High-profile data breaches in recent years show just how vulnerable some organizations can be to attacks from outside. Protecting your nonprofit’s data is crucial, no matter who you work with. Data privacy gets even trickier when you’re dealing with a third-party vendor, whose systems and storage methods might leave you at higher risk.
Ultimately, it’s up to you to make sure your organization’s data is secure ― and the stakes are high. A 2016 study showed an average cost of $7 million to companies that experienced a data breach that required their victims to be notified. This number doesn’t include non-numerical costs like loss of trust and reputation which, for many nonprofits, is the most important asset of all.
Building relationships with your donors takes time. Those relationships, based on trust and empathy, can be shattered in an instant with a data breach that exposes their personal information. As a nonprofit, good stewardship of your donors’ money and information yields long-term rewards. Protecting your donors’ information saves money and reputations in the short and long term.
How can you protect donor data while you’re working with third-party vendors, then? As an IT professional who’s worked with nonprofits for many years, I have some simple recommendations that will keep you and your donors safe from increasingly sophisticated cyber attacks.
It’s the simplest, but most important step you can take. Update your organization’s perimeter protections, your frontline defenses and make sure you’re keeping up on them. This includes performing regular malware scans, updating your antivirus software and keeping up to date on payment for your protection programs.
You’ll also want to appoint one person or department to keep a regular schedule of updates and virus scans. For larger organizations with IT departments, it should be a regular part of the department’s activities. Smaller nonprofits will want to designate one person to coordinate updates for every computer and every software product that deals with data.
Your employees and volunteers can be your best resources, but they can also be your greatest weakness.
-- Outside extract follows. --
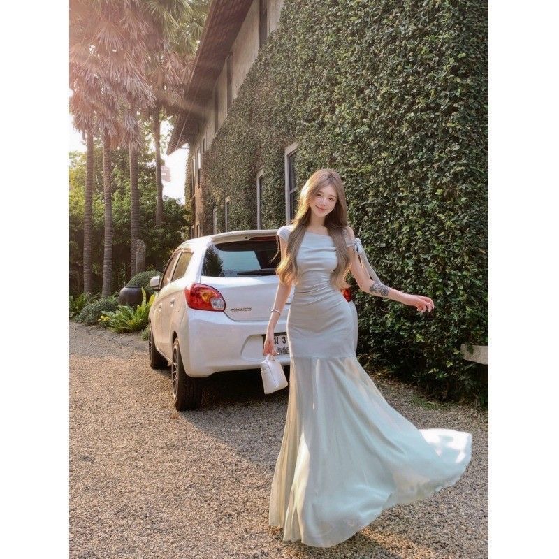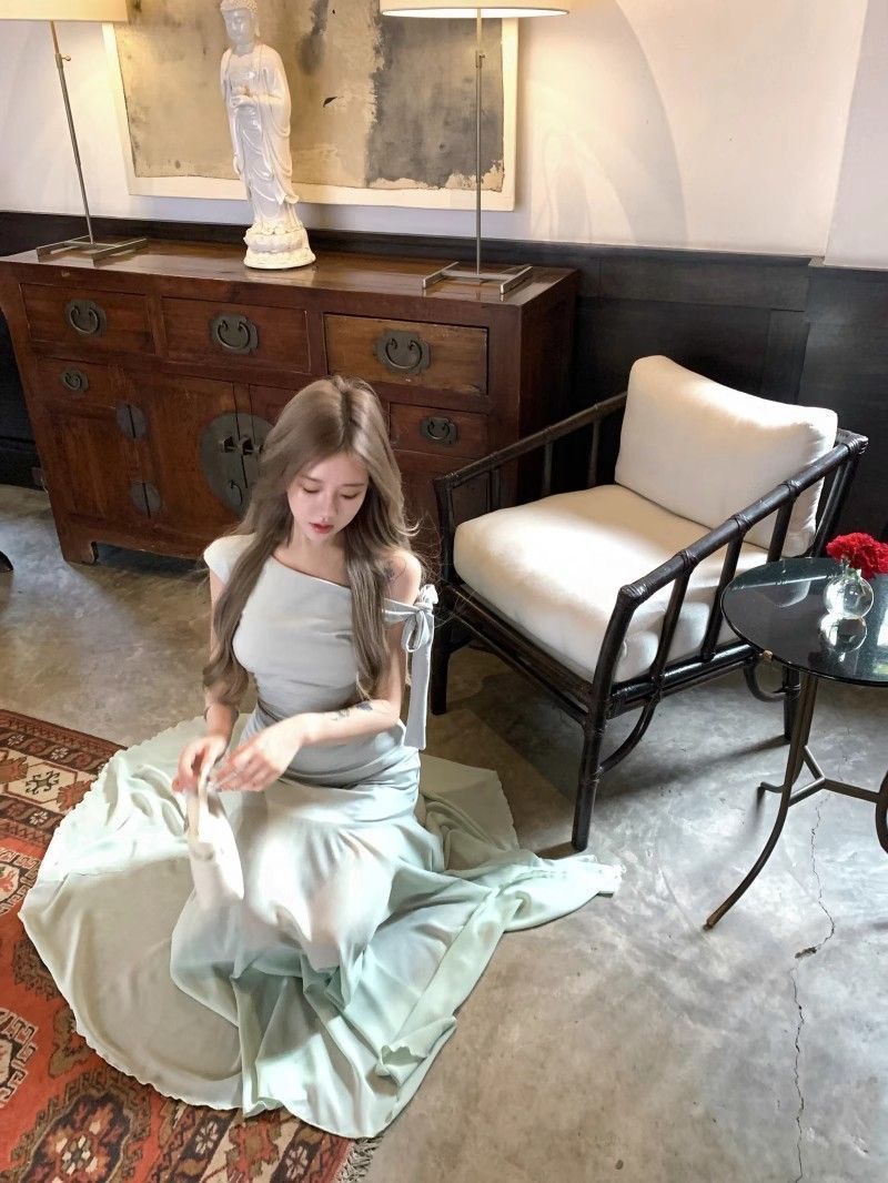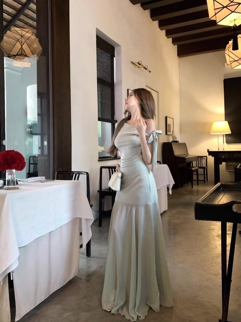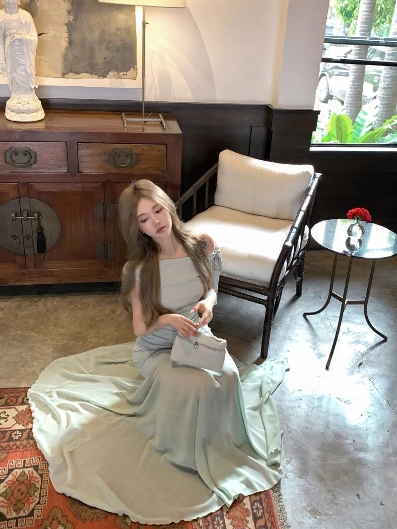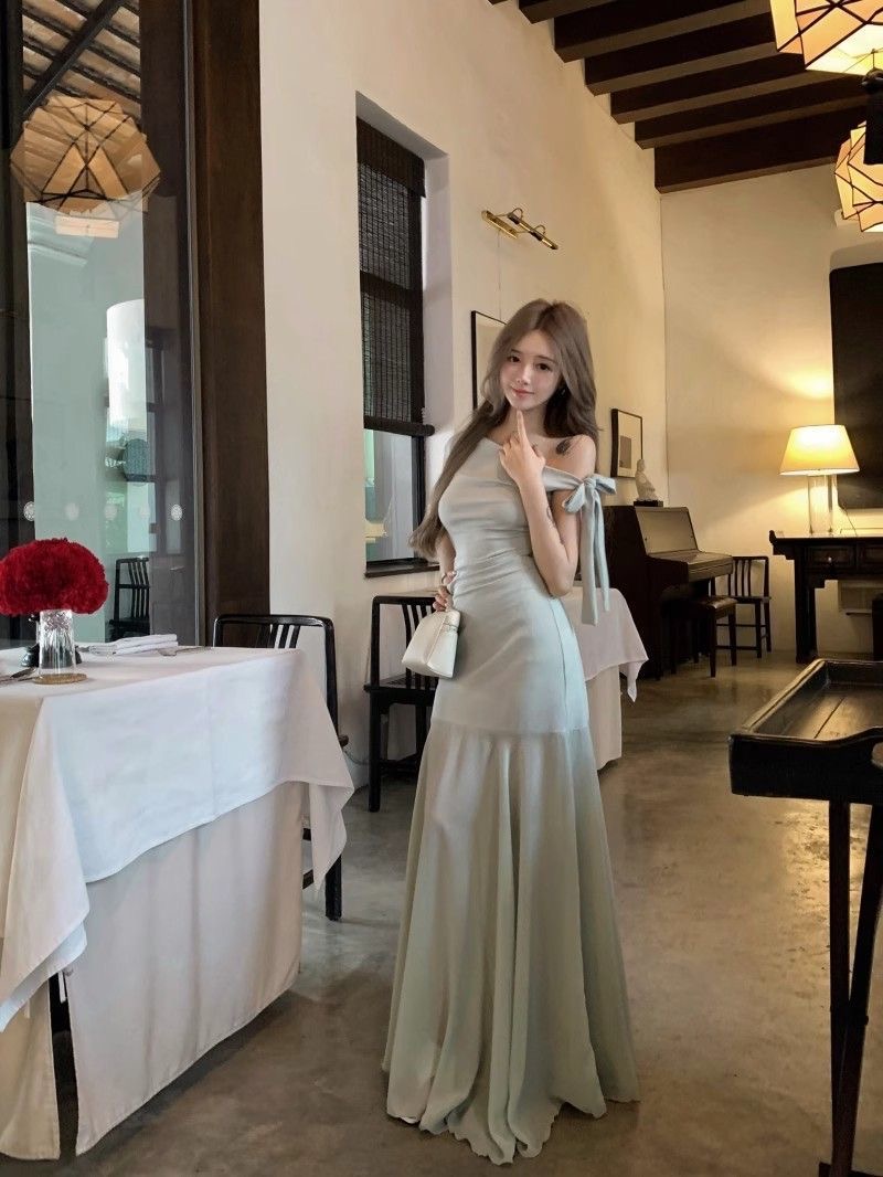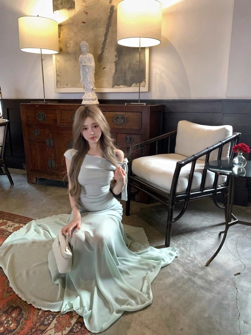 2026 여름 새로운 프랑스식 박하 녹색 튜브탑 드레스 아이들 해변가 휴가 바람 허리 수축 오프숄더 롱 스커트

We recommend that all nonprofit clients hold regular training sessions or, at the very least, send regular updates to staff and volunteers about the latest malware, ransomware, and phishing schemes.
Consider providing online courses in scam detection for anyone who might work with sensitive donor data. Make sure everyone knows federal and international privacy regulations and is in compliance with the most recent changes. At the very least, make sure you’re hosting an annual IT security awareness training session.
Don’t assume that everyone dealing with donor data has the same level of breach awareness that you do. Provide your staff with detailed descriptions of the different types of cyber-attacks possible.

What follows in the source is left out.